-- Dataset records follows --

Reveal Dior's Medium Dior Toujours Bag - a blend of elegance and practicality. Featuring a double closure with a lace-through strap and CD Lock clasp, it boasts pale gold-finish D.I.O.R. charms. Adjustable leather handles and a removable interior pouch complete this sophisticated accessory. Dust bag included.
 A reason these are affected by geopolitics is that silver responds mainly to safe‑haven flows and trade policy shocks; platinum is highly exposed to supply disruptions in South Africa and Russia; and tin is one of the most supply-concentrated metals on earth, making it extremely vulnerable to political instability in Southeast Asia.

-- Dataset records concluded --
-- Dataset records follows --

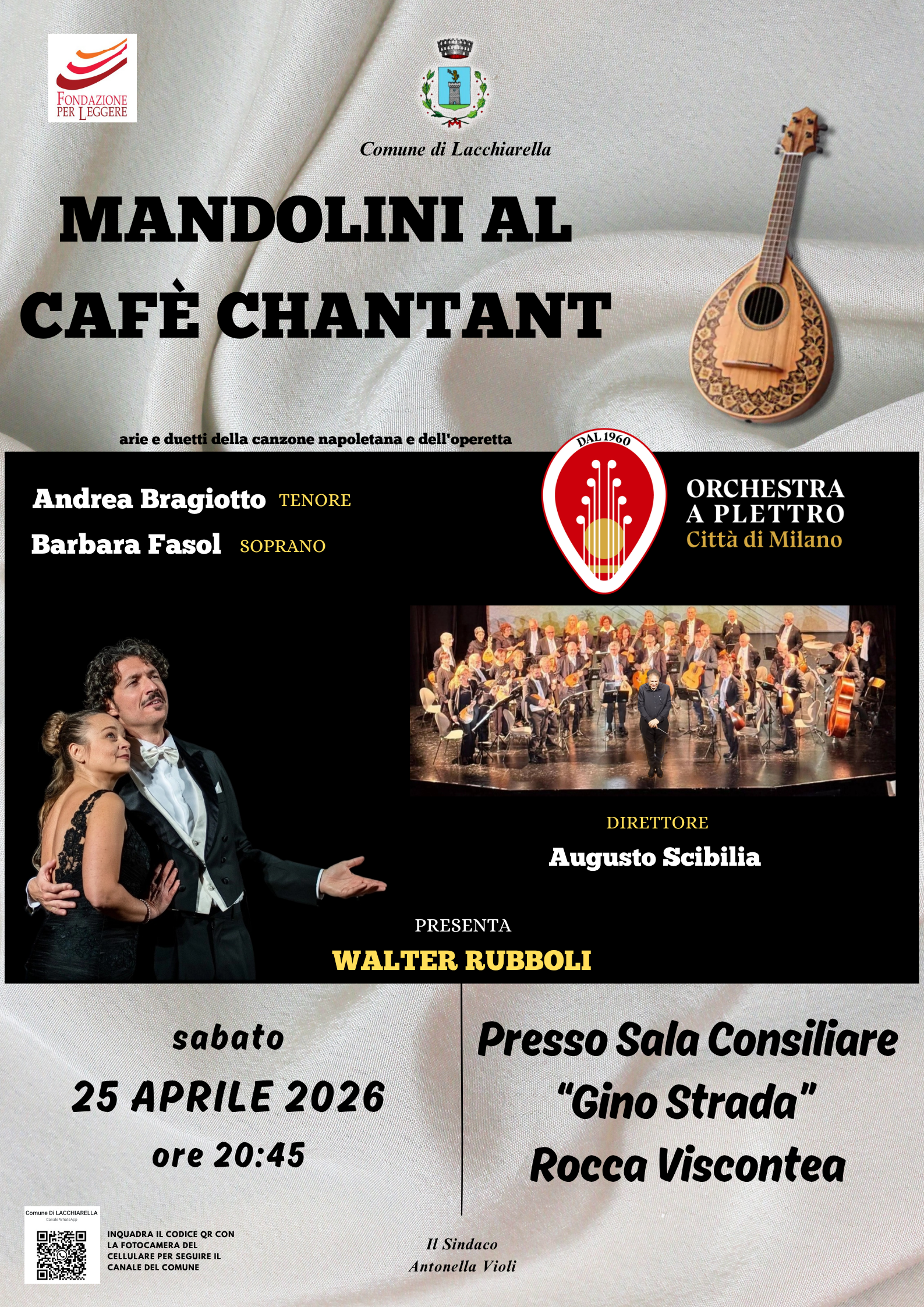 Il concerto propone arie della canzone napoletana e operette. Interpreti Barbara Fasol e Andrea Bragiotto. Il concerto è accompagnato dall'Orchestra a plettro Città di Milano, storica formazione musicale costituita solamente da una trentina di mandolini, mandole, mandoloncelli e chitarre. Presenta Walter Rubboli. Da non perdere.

-- Dataset records concluded --

In the entries above, the lines from the one bearing "Reveal Dior's Medium" up to and including the one bearing "A reason these" should be transcribed exactly; no other line is wanted.

Reveal Dior's Medium Dior Toujours Bag - a blend of elegance and practicality. Featuring a double closure with a lace-through strap and CD Lock clasp, it boasts pale gold-finish D.I.O.R. charms. Adjustable leather handles and a removable interior pouch complete this sophisticated accessory. Dust bag included.
 A reason these are affected by geopolitics is that silver responds mainly to safe‑haven flows and trade policy shocks; platinum is highly exposed to supply disruptions in South Africa and Russia; and tin is one of the most supply-concentrated metals on earth, making it extremely vulnerable to political instability in Southeast Asia.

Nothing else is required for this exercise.